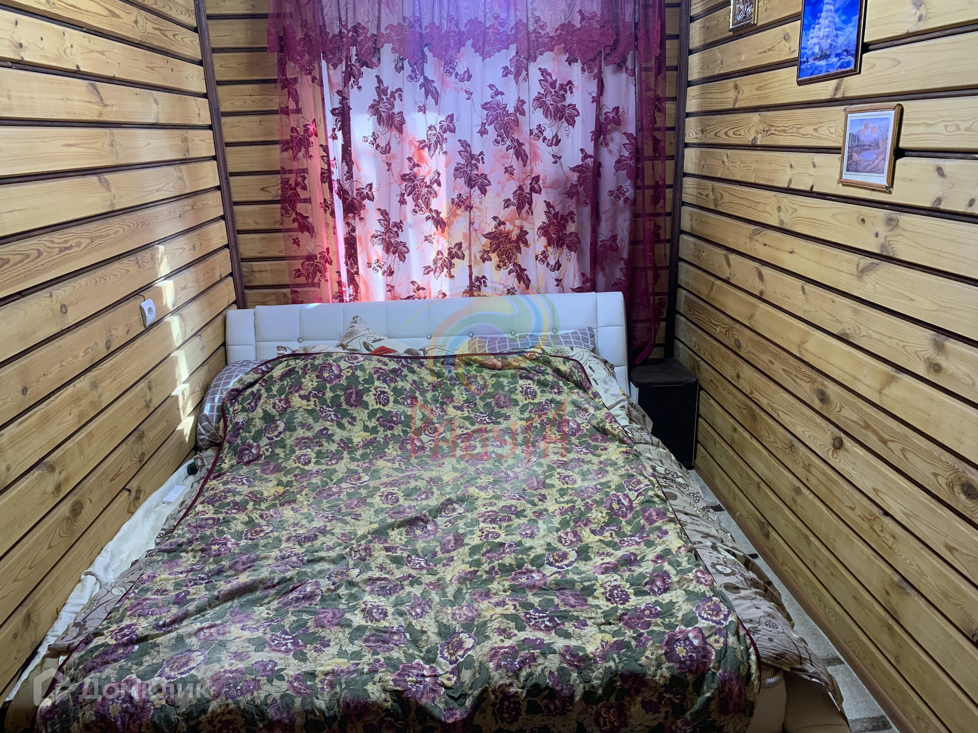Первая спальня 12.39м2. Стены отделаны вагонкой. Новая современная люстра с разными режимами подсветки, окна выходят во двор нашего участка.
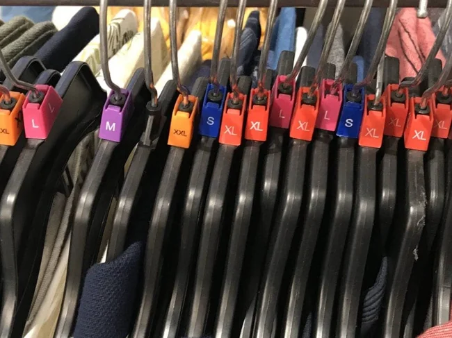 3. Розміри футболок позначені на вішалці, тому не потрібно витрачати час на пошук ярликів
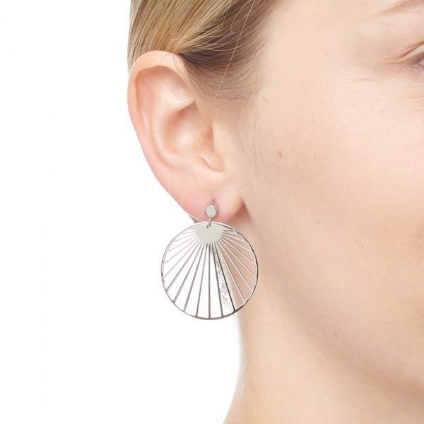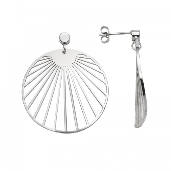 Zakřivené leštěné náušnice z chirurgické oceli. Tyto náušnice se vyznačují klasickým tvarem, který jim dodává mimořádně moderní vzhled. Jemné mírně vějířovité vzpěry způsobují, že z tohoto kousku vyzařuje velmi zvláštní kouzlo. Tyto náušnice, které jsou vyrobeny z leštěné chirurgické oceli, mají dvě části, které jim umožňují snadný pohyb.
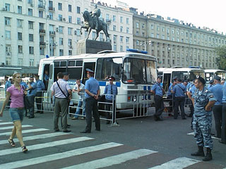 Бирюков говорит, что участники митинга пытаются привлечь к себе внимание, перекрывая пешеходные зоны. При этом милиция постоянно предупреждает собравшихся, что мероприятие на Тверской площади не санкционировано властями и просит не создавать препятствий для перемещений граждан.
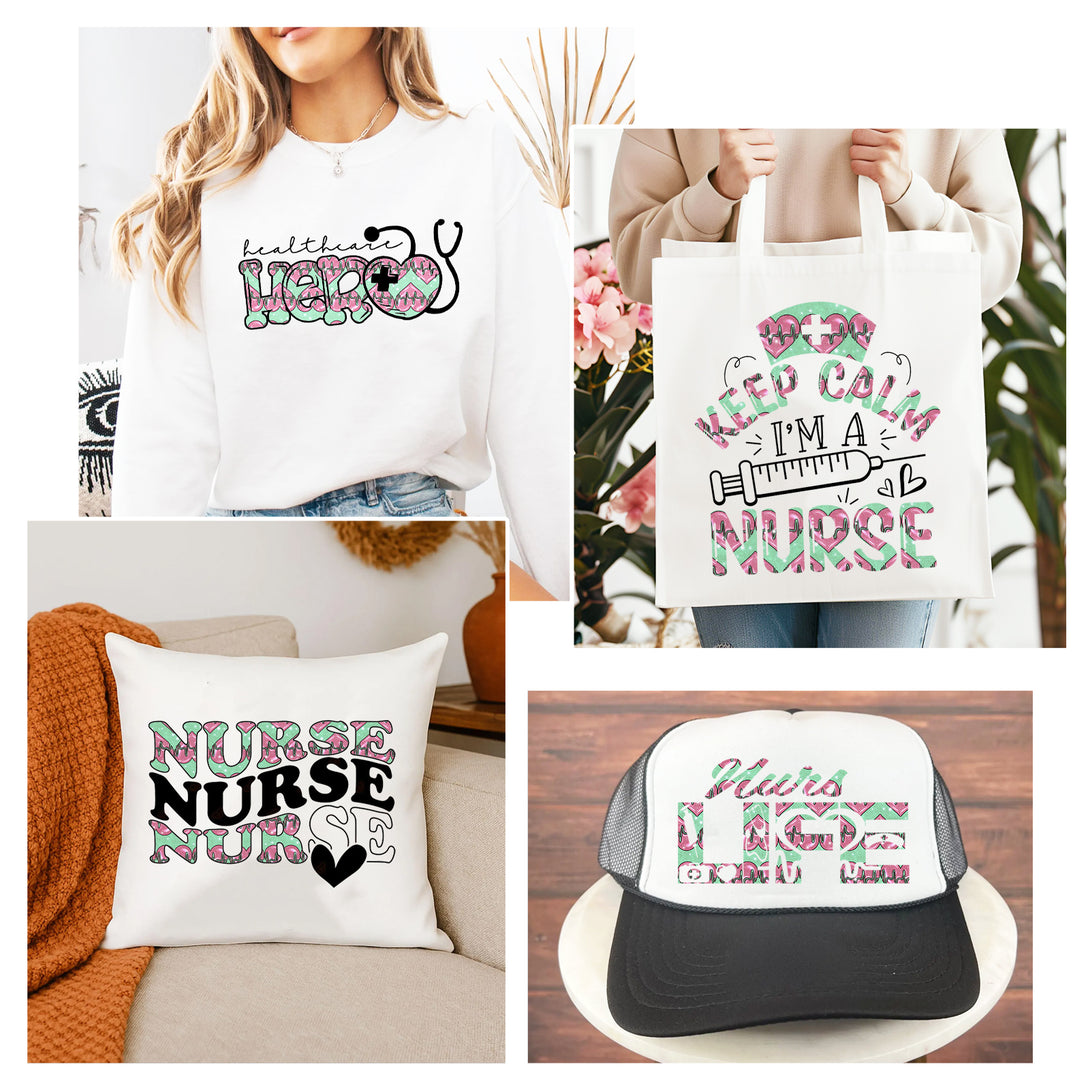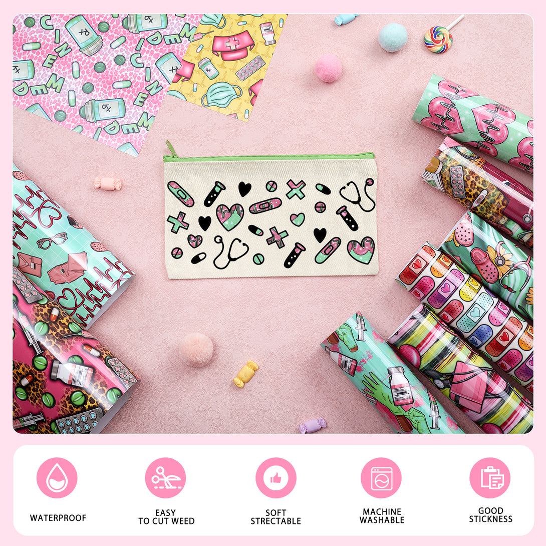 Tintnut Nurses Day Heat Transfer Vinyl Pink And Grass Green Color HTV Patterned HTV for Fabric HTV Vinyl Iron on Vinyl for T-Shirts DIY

--- --- ---

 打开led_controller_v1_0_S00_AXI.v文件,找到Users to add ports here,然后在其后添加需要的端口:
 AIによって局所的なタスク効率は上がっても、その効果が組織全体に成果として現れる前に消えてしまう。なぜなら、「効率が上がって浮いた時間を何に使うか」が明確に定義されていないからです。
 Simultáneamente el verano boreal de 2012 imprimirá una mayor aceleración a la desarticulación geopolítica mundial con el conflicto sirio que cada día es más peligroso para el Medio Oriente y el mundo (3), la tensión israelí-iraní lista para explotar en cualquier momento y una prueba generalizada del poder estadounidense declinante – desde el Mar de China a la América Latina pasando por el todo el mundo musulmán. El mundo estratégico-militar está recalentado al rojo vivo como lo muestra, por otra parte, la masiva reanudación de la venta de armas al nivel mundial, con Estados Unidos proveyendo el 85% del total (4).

--- --- ---

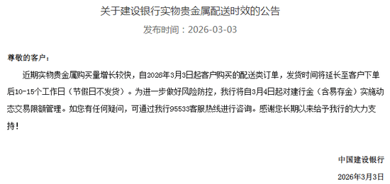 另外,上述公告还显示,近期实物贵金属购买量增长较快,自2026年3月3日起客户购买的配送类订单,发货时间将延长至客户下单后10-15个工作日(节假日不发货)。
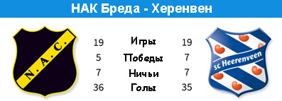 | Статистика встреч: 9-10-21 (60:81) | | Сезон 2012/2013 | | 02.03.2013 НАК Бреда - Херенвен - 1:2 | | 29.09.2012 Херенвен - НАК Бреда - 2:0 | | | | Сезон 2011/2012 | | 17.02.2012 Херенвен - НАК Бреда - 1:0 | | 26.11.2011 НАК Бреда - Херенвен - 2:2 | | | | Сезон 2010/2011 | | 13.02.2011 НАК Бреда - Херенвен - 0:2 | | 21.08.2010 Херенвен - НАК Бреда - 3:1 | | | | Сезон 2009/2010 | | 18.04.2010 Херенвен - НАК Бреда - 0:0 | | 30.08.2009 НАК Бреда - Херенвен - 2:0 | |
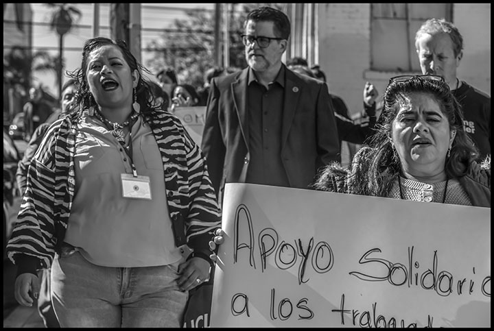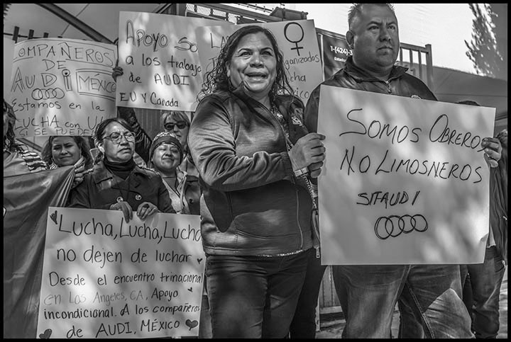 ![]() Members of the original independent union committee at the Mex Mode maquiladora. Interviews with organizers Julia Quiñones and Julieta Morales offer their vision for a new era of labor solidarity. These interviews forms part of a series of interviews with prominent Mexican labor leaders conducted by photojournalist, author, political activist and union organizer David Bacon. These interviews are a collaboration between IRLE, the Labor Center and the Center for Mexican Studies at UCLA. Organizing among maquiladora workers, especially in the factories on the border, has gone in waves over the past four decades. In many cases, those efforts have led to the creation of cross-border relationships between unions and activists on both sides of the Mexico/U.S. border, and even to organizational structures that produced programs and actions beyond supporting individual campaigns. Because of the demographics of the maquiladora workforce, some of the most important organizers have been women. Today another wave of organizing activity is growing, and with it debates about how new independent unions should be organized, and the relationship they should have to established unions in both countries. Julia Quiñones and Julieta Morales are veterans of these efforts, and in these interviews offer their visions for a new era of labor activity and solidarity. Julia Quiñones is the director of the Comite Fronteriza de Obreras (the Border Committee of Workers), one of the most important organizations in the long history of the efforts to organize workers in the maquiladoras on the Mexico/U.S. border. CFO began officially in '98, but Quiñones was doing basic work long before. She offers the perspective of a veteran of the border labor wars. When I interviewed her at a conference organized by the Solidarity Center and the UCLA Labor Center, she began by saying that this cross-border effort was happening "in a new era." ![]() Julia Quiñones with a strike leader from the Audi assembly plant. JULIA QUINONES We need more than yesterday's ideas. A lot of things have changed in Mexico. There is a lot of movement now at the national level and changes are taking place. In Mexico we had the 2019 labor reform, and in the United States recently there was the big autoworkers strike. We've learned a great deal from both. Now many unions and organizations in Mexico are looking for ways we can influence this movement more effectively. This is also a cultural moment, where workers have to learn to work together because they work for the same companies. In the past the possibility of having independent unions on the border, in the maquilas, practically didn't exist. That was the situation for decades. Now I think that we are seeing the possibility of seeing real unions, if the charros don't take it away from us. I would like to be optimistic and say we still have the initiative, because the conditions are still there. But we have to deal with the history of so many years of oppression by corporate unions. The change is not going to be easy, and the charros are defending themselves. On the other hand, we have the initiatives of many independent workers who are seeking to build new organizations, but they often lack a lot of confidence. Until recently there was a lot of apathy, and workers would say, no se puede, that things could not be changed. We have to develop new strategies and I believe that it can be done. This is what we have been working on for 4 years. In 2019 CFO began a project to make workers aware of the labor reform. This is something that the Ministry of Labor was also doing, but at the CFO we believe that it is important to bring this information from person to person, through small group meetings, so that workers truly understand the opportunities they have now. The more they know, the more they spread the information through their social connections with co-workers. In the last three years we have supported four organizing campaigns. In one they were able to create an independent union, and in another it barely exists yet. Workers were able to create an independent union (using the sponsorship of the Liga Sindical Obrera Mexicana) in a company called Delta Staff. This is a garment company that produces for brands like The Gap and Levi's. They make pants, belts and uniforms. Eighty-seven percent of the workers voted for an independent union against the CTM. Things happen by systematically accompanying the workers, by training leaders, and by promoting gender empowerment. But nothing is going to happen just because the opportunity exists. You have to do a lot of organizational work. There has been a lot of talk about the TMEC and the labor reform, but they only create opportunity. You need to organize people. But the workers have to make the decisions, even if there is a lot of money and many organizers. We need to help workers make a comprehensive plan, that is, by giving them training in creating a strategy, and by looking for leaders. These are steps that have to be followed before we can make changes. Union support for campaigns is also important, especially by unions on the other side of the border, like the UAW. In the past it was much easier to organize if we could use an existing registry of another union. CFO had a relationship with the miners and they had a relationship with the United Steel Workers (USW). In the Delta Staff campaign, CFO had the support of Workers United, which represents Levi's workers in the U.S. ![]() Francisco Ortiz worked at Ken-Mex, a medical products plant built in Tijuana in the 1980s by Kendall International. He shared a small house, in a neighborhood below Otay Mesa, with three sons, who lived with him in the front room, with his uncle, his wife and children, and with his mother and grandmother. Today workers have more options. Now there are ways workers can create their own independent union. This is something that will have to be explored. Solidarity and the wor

--- --- ---

■ **Exercise details**: Leaving out the pictures, please output the lines in the entries above from the one with "Первая спальня" through the one with "Tintnut Nurses Day", exactly as they are.

■ **Solution**:
Первая спальня 12.39м2. Стены отделаны вагонкой. Новая современная люстра с разными режимами подсветки, окна выходят во двор нашего участка.
 3. Розміри футболок позначені на вішалці, тому не потрібно витрачати час на пошук ярликів
 Zakřivené leštěné náušnice z chirurgické oceli. Tyto náušnice se vyznačují klasickým tvarem, který jim dodává mimořádně moderní vzhled. Jemné mírně vějířovité vzpěry způsobují, že z tohoto kousku vyzařuje velmi zvláštní kouzlo. Tyto náušnice, které jsou vyrobeny z leštěné chirurgické oceli, mají dvě části, které jim umožňují snadný pohyb.
 Бирюков говорит, что участники митинга пытаются привлечь к себе внимание, перекрывая пешеходные зоны. При этом милиция постоянно предупреждает собравшихся, что мероприятие на Тверской площади не санкционировано властями и просит не создавать препятствий для перемещений граждан.
 Tintnut Nurses Day Heat Transfer Vinyl Pink And Grass Green Color HTV Patterned HTV for Fabric HTV Vinyl Iron on Vinyl for T-Shirts DIY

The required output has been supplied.